‘What Ideality Tool’ (The WIT) for Product Design Briefs Fusion and Confluence in Design Management
Editor: Boks, Casper; Sigurjonsson, Johannes; Steinert, Martin; Vis, Carlijn; Wulvik, Andreas
Author: Weiss, Alon; Avital, Iko; Das, A.K.; Gedalya, Mazor
Institution: Indian Institute of Technology Guwahati, Israel
Section: Design for Sustainability
This article presents the essential advantages in using an innovative design tool that enhances the values of sustainable design management, applicable for product designers and design managers, serving as a crucial compass in the ideation and formulation stage of Product Design brief. The model was developed aiming to bridge over existing gaps between sustainability and the business approach, such as developing a sustainable design within the limitations of traditional briefs, establishing a shared terminology between the management decision makers and designers, offering a solution for tackling mind blocks, fixations, and bridging over the “design paradox” process of skipping the stage of expanding the ideas (WHAT), and rushing towards a specific design solution (HOW). The solution offered is by focusing on the analysis level of the “WHAT” in order to enhance the “HOW” practical output.
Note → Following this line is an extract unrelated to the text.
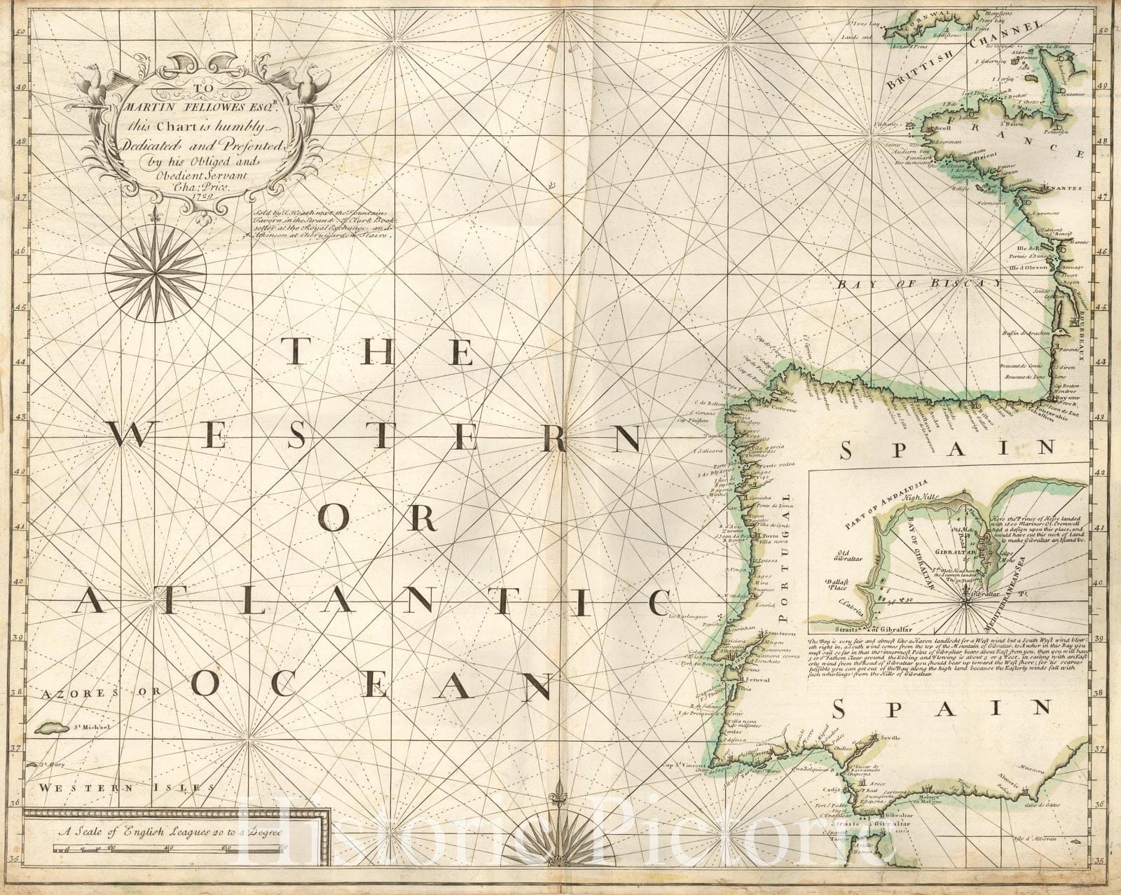 Historic Map - Atlantic Coast from British Channel to Straits of Gibraltar, 1730, Charles Price - Vintage Wall Art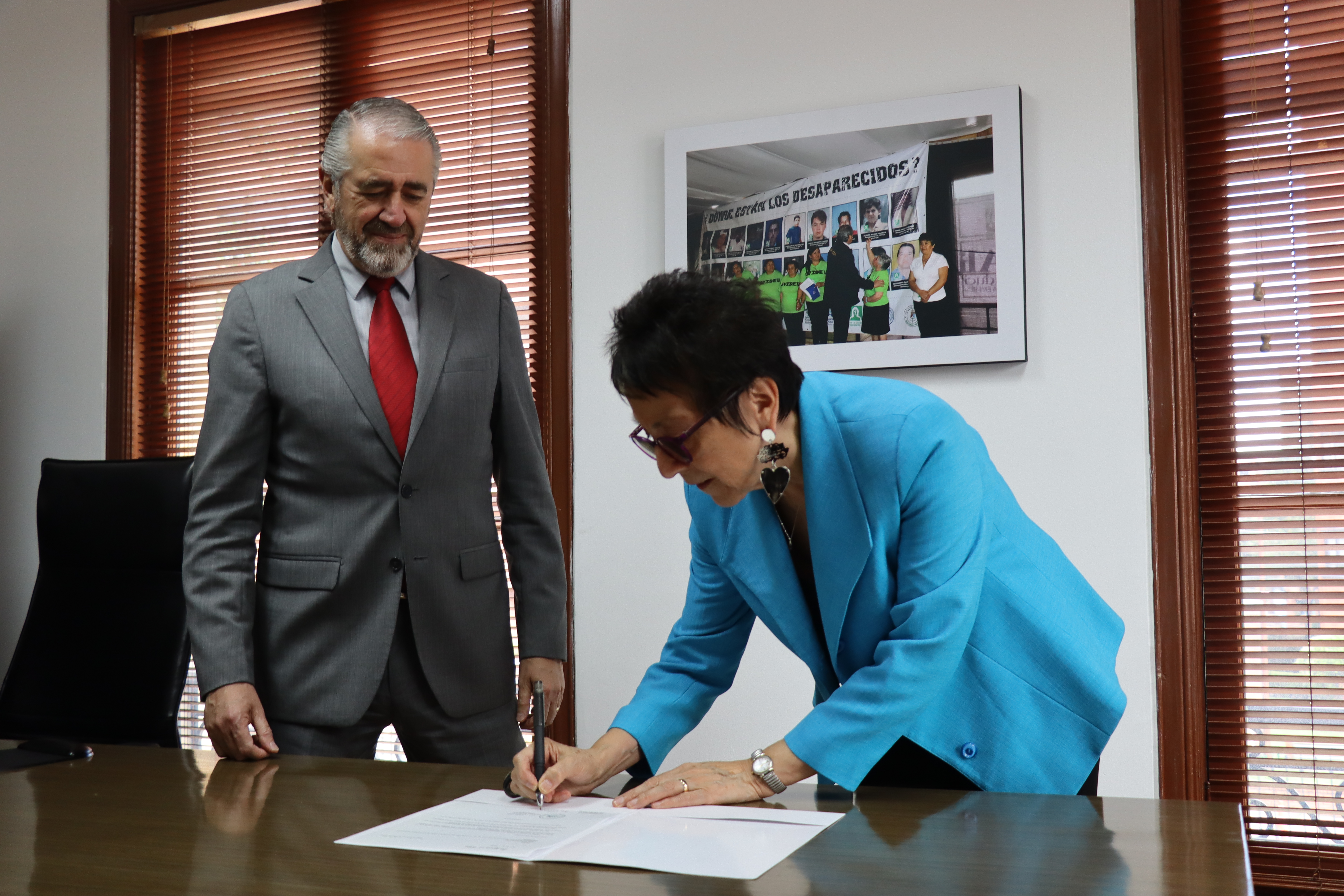 En un encuentro en la sede central de la Misión de Apoyo al Proceso de Paz en Colombia de la Organización de los Estados Americanos (MAPP/OEA), la embajadora de Chile en Colombia, María Inés Ruz Zañartu y el Jefe de la Misión, Roberto Menéndez, firmaron el acta que registra el aporte financiero para la cooperación con la construcción de Paz en Colombia.

The model is based on TRIZ ideality concept and the Biomimicry approach, and is aimed for developing a Designer Planning Brief according to nature’s Ideal strategies, functioning as a method for expanding the Pool of ideas and developing more innovative sustainable product’s attributes. Additionally, by integrating the business world with holistic sustainability approach, it will serve as the essential core for future business vision, focusing on Design as an integrator, transformer, and an optimal business approach. The tool’s principle is to direct developers in implementing ideality and efficiency in the system, increasing functions’ quantity, and amplifying the functions’ values to create a stronger effect. This tool guides developers through the complex planning required in today’s competitive sustainable market, utilizing this model to achieve interactive strategic thinking, balancing the main planning stages in design management. This article presents the practical contribution through a two level case study evaluation process, conducted in an academic classroom experiment with Master students specializing in Product Design and Management.